• [EXERCISE INSTRUCTIONS]:
Give all of the data below again exactly, and drop the images.

• [DATA EXTRACT]:
• • • •
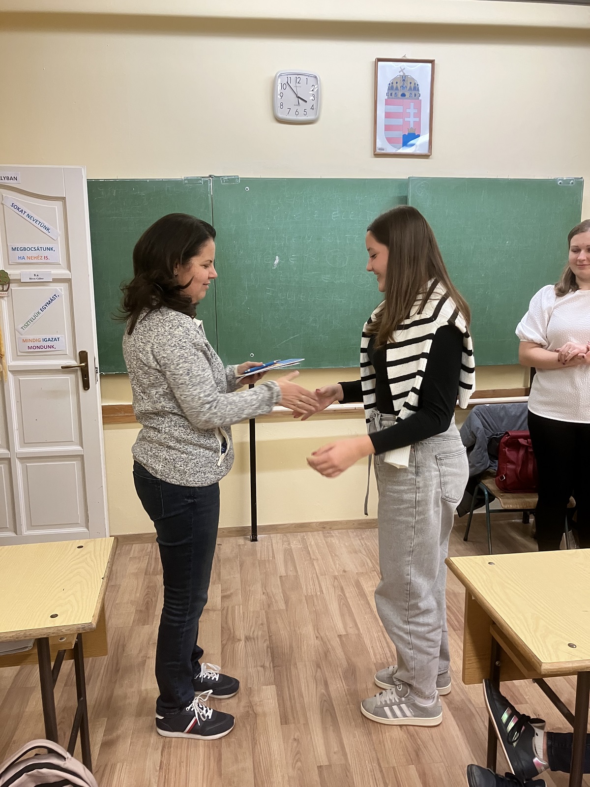 Az ünnepélyes eredményhirdetésre iskolánk Galériájában került sor, amelyet Dr. Zrupkóné Pernyész Lívia főigazgató asszony nyitott meg. Az okleveleket és a díjakat Majzik Zsuzsanna munkaközösségvezető (angol nyelv) és Szerencsés Melinda (német nyelv) adták át.
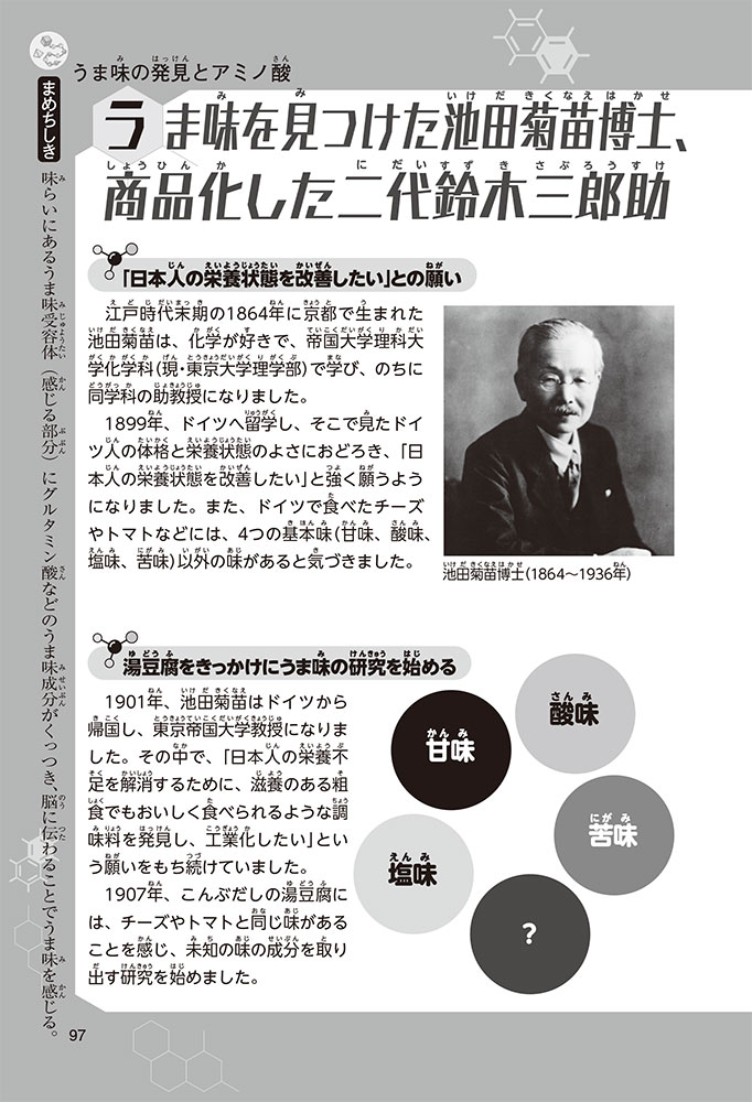 コラム うま味を見つけた池田菊苗博士、商品化した二代鈴木三郎助
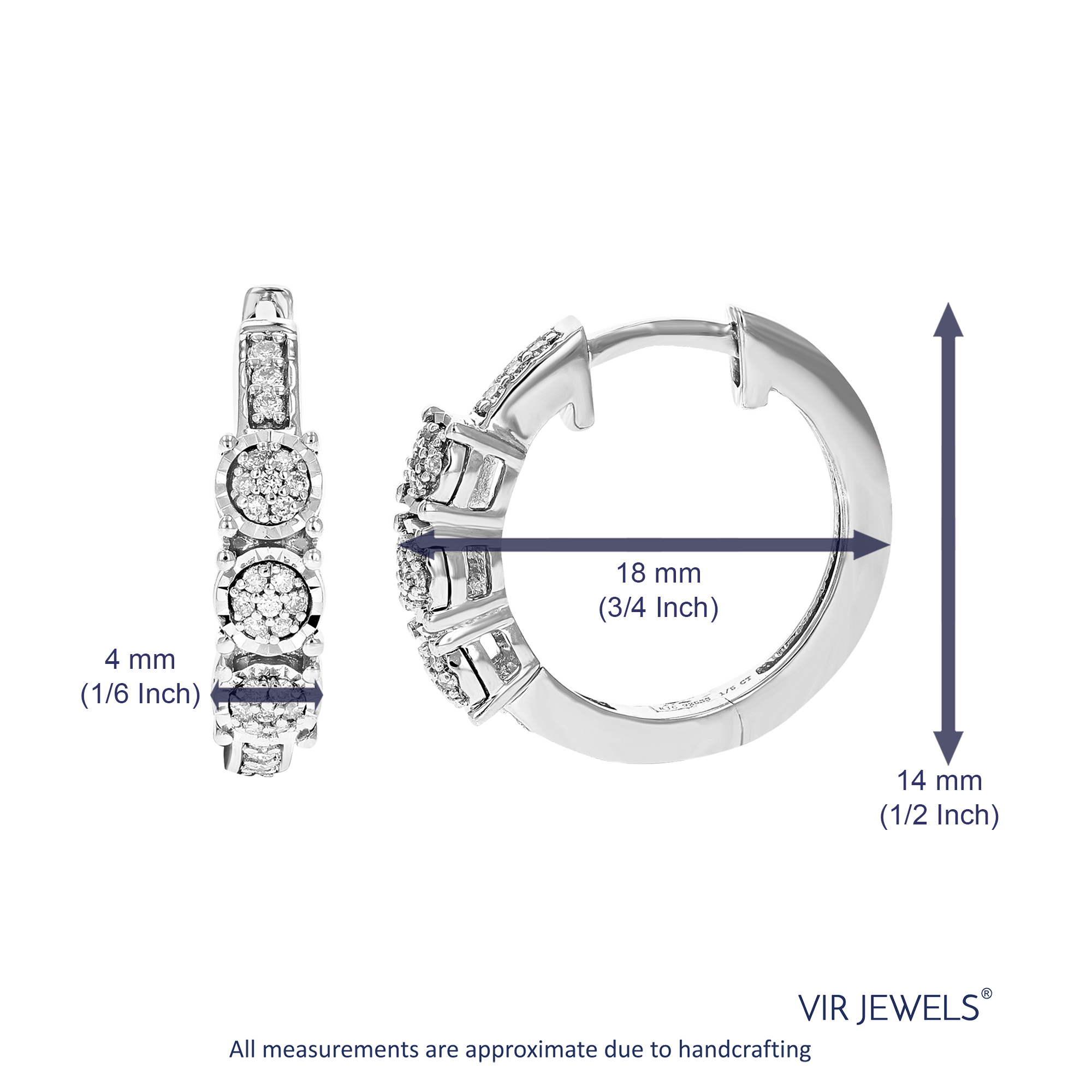 Vir Jewels 1/5 CTTW Lab Grown Diamond Hoop Earrings 925 Sterling Silver Prong 2/3 Inch
• • • •
• [EXPECTED ANSWER]:
 Az ünnepélyes eredményhirdetésre iskolánk Galériájában került sor, amelyet Dr. Zrupkóné Pernyész Lívia főigazgató asszony nyitott meg. Az okleveleket és a díjakat Majzik Zsuzsanna munkaközösségvezető (angol nyelv) és Szerencsés Melinda (német nyelv) adták át.
 コラム うま味を見つけた池田菊苗博士、商品化した二代鈴木三郎助
 Vir Jewels 1/5 CTTW Lab Grown Diamond Hoop Earrings 925 Sterling Silver Prong 2/3 Inch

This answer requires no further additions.